Robots Learn Complex Tasks by Watching Videos

TL;DR

A new AI method lets robots pick up skills from demo videos and build executable plans for complex tasks without any human programming.

Imagine a robot that can watch a video of someone setting a dinner table and then perform the same task autonomously, even if it has never encountered that specific assignment before. This capability moves us closer to robots that can adapt to unpredictable everyday environments, learning new skills on demand rather than relying on pre-programmed instructions. The challenge lies in bridging the gap between observing human demonstrations and generating feasible, executable plans for robots.

Researchers have developed a method that allows robots to learn skills from demonstration videos and use this knowledge to accomplish high-level tasks. The key finding is that robots can automatically generate parametric specifications—formal descriptions of temporal and spatial relationships—from videos, which then serve as a domain theory for automated planning. This approach enables robots to solve vague assignments, like "set up the dinner table," by producing detailed, executable action sequences without extensive human input.

To achieve this, the method uses a graph-based spatial temporal logic (GSTL) to represent knowledge. GSTL captures both spatial information (e.g., objects' positions and relationships) and temporal information (e.g., durations and sequences of actions). The specification mining algorithm processes demo videos frame by frame, detecting objects and their interactions. It constructs simple GSTL terms for each frame, such as noting that a hand is holding a cup or that a fork is to the left of a plate, and then combines these into more complex formulas that describe the entire skill. For example, from a video of table setting, it might learn formulas like "hand grabs cup and places it on the table within a certain time interval.

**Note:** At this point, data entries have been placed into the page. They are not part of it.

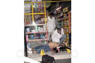 MÉXICO, D.F., 17ENERO2010.- Jaime Martín Martínez Salinas de aproximadamente 40 años, perdió la vida al recibir dos impactos de bala en el cuerpo tras resistirse a ser asaltado en la tienda que atendía de nombre "JR" en la esquina de la calle Camarón numero 22 esquina con calle Ostión en la colonia Caracol, perímetro de la Delegación Venustiano Carranza. Al lugar, arribaron peritos de esta demarcación para tomar conocimiento de los hechos y levantar el cadáver. FOTO: LUIS CARBAYO/CUARTOSCURO.COM
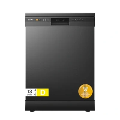 【Easy Control】The black dishwasher is 13 place setting with 6 washing program (Intensive, ECO, 90 min, Rapid, Glass and Hygiene) and 4 special funtions (Auto open, Half load, Delay start and Child lock), providing flexible options for every different cleaning need. 【Energy Efficiency】This COMFEE freestanding dishwasher is rated Energy Efficiency Class D, with an eco program consuming only 0.836 kWh of energy and 11 litres of water per cycle. 【30min Quick Wash】Choose the Rapid cycle to get your dishes sparkling clean within 30 minutes if you are in a hurry. 【72℃ Hygiene Wash】Awarded the Golden Virus Hygiene Seal, COMFEE' hygiene wash helps remove the most stubborn of stains, leaving your dishes and glassware clean and hygienic. 【Half Load Function】The half load function gets smaller loads washed, using 30% less energy than a full load cycle (it can be used with Intensive, ECO, 90 min, Glass and Hygiene Program). 【Auto Door Open Drying】After washing, the door will open automatically to achieve better drying effect. (It can only be used with Intensive,ECO,90min,Glass,Hygiene) *Please kindly note that a little water residual in a new machine is normal, because it has undergone manufacturer’s quality tests to ensure proper operation. 【Specification】Dimesnions are H84.5 cm, W59.8 cm and D60 cm, providing a spacious and flexible interior for maximum dishware loading. It's also has been considerately designed to accommodate larger plates, pots & pans up to 30cm in diameter.
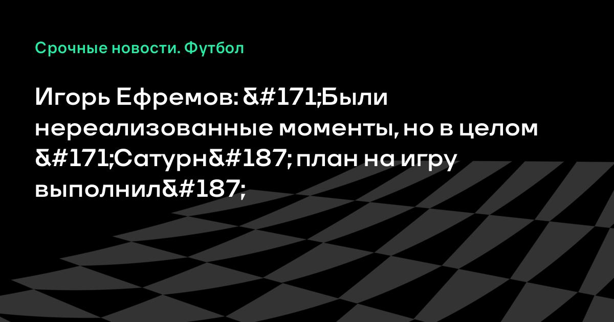 Игорь Ефремов: «Были нереализованные моменты, но в целом «Сатурн» план на игру выполнил»
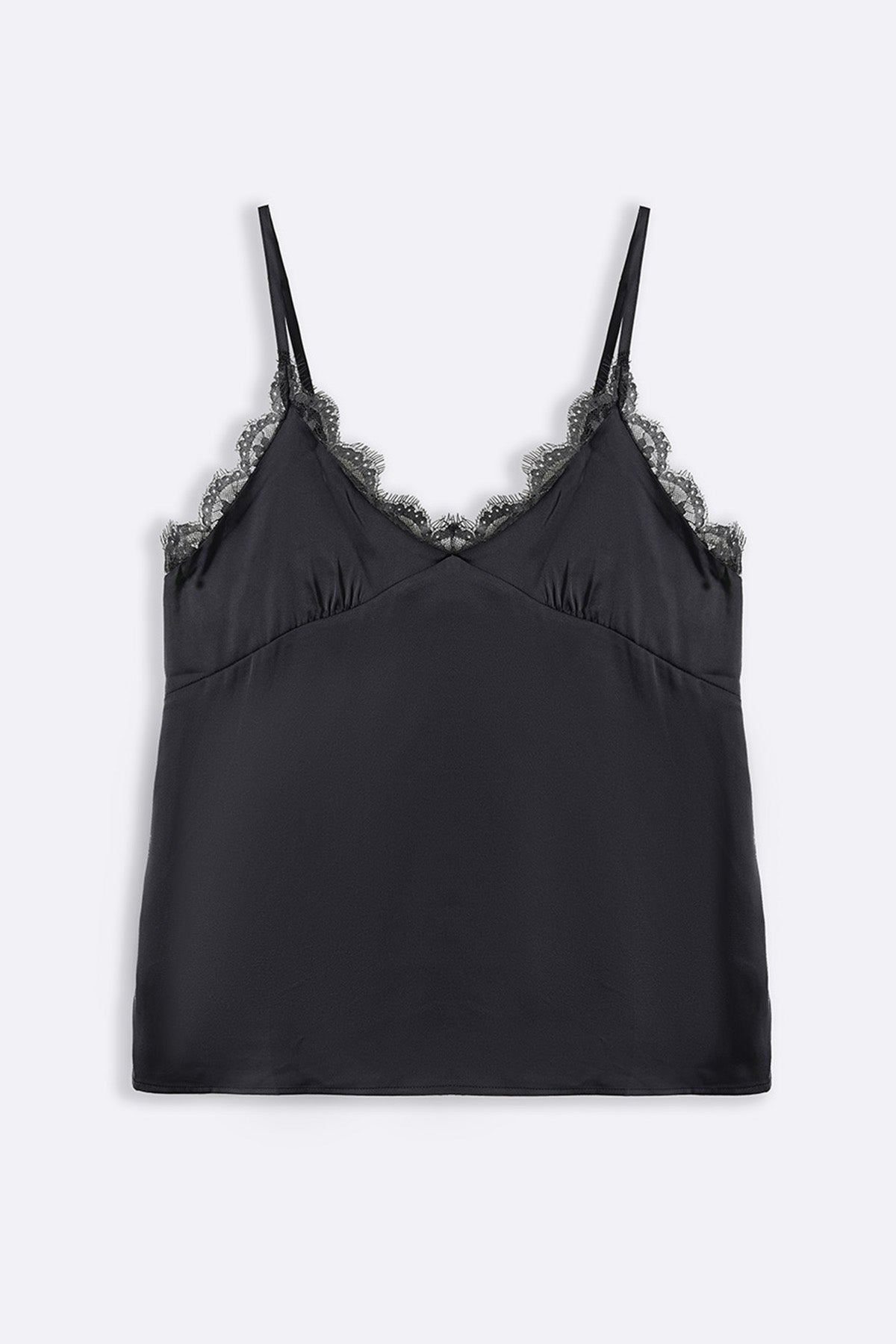 Design details: Silk camisole top with lace trim at the neckline, side slits, and adjustable straps.

The results show that this method can generate a domain theory from multiple videos, which includes common-sense knowledge and action primitives. In evaluations using a table-setting scenario, the algorithm learned formulas such as those describing the spatial arrangement of utensils and the temporal sequence of actions like picking up and placing objects. The automated planner, consisting of a proposer and a verifier, then uses this theory to generate ordered actions. The proposer explores possible action sequences in a graph-based search, while the verifier checks feasibility using satisfiability modulo theories (SMT) and Boolean satisfiability (SAT) solvers to ensure plans meet temporal and spatial constraints.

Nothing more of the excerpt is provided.